In the end it depends on your requirements.
As everybody say a "hello world" test don't reveal the real power of a framework but those guy like this benchmark so why not implement an helper which disconnect a lot of feature of symfony and display an hello world with the fastest way :-) Someone could tell that is cheating but if this test could be asume as a real life website it could be consider as a feature that any framework should provide. Ok i stop joking and i get back to work.
The symfony experienced users better know the performance.. who care about the all the Php frameworks around. Our one and only choice is symfony..
well, <?php echo 'Hello, world' ?> is the best way to display I belive, rather than <?php echo "Hello, world" ?>.
You made your point clear, since you are not going to compete with the other php frameworks, don't consider 'hello, world' performance test with other php frameworks out there, as far as I know Symfony is the stable frameworks with bunch of features than any other out there.
[quote]for ($i = 0; $i<count($my_array); $i++)
instead, we try to always do:
for ($i = 0, $count = count($my_array); $i<$count; $i++)
This is because we know it makes a difference. [/quote] Is there any compelling reason for count($my_array) not to be implemented as struct array {...} my_array; if (i < my_array.num_elements) ... ; behind the curtains?
CPU Cycles are cheap (c)
[quote]for ($i = 0; $i<count($my_array); $i++)
instead, we try to always do:
for ($i = 0, $count = count($my_array); $i<$count; $i++)
This is because we know it makes a difference. [/quote]
While you are at it why not exchange $i++ with ++$i also. Skipping even one more op-code instruction by using pre-increment instead of post-increment. As you probably know post-incrementing need to use an internal variable to store the current value of $i before the instruction is completed.
And I thought, foreach was the best practice these days. What if count($array) was 6, but $array[4] would not be present, instead $array[6]?
I am very satisfied with your confident answer Francois.
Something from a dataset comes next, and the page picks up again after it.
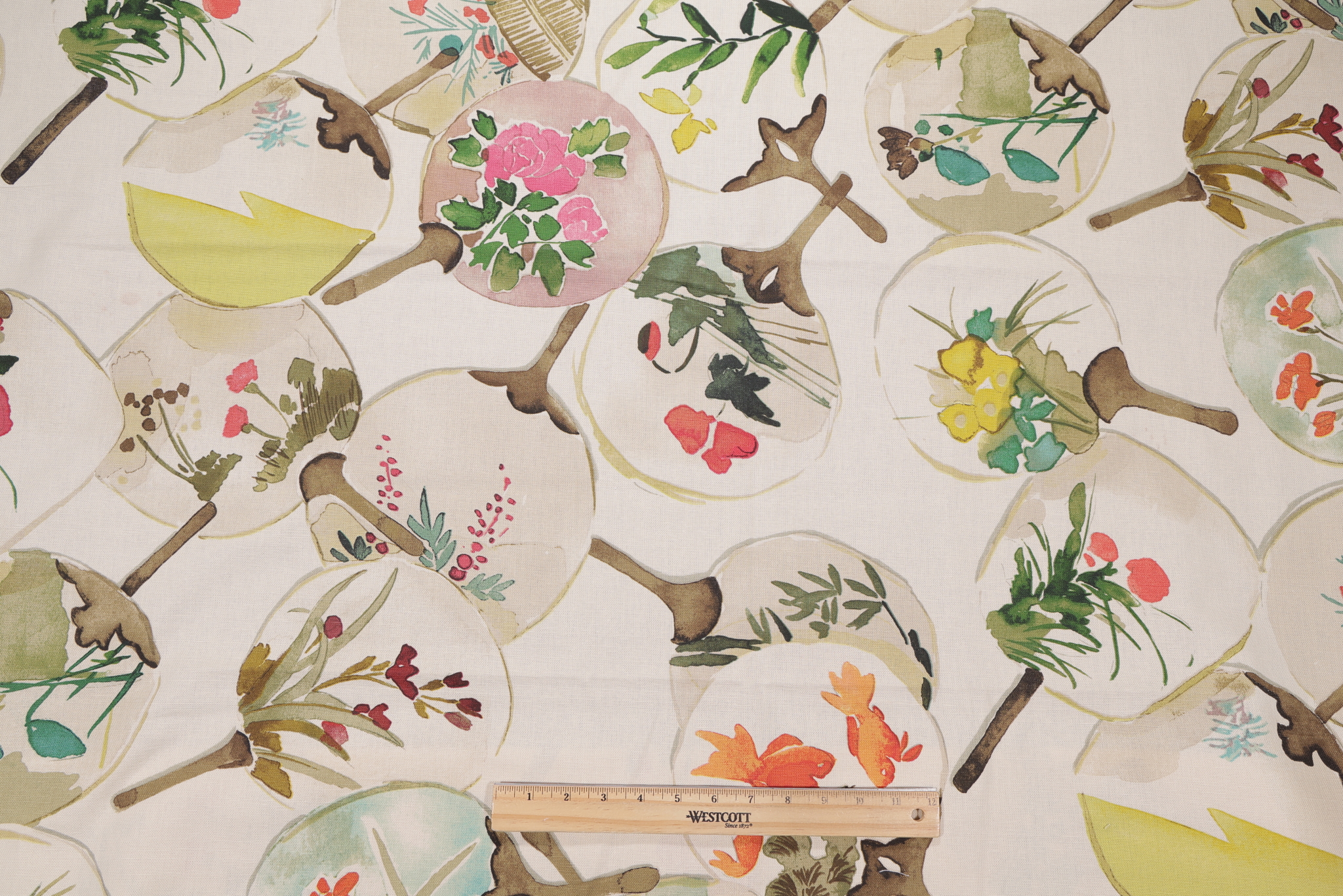Mia Printed Drapery Fabric in Multi is a remnant, which is sold as a whole piece.

Symfony rules!
Very well, i never have doubt symfony is great.
Well...
I'm not sure symfony is really the best optimized framework.
PLEASE EXPLAIN ME THIS :
$ php batch/load_data.php
PHP Fatal error: Allowed memory size of 16777216 bytes exhausted (tried to allocate 23040 bytes) in /home/www/...
Come on: 16Mo !?!
It's even more thant the size of my symfony project folder (without log/ and cache/ ...). How that is possible ???
But I don't think it's your fault François, symfony team made greate code, for sure.
But, maybe, before winning 10ms on a foreach loop, you should maybe optimzed the 3rd part librairies, or the memory use... As 16Mo takes kind of long to allocate.
Bye
I ran into similar issues with a complex model, I haven't investigated too deep, but I assume it has something to do with the long outstanding PHP issue regarding the cyclic references memory leak.
As I see there are a lot fanatics out there. Good for symfony :) I think if you take a "hello world" benchmark in relation to the features of a framework it is definitely a valid performance test. What kind of generation times are acceptable for a framework? I made one project with symfony on a standard windows XP with xampp installed it takes ~2000ms to display a page. There are going 700ms on configuration. I see there are differences from system to system. On my own machine (xp pro, 2ghz centrino duo 2, 2g ram) it takes ~300ms. That's also too slow for a bunch of users. I tried every advice I could find to improve performance, nothing worked yet.
You are refering to big companies, but you do not mention how they build fast reliable apps with symfony nor you provide links to their apps.
symfony is a great framework for sure, but I am still missing speed or at least reasons for the lack of it.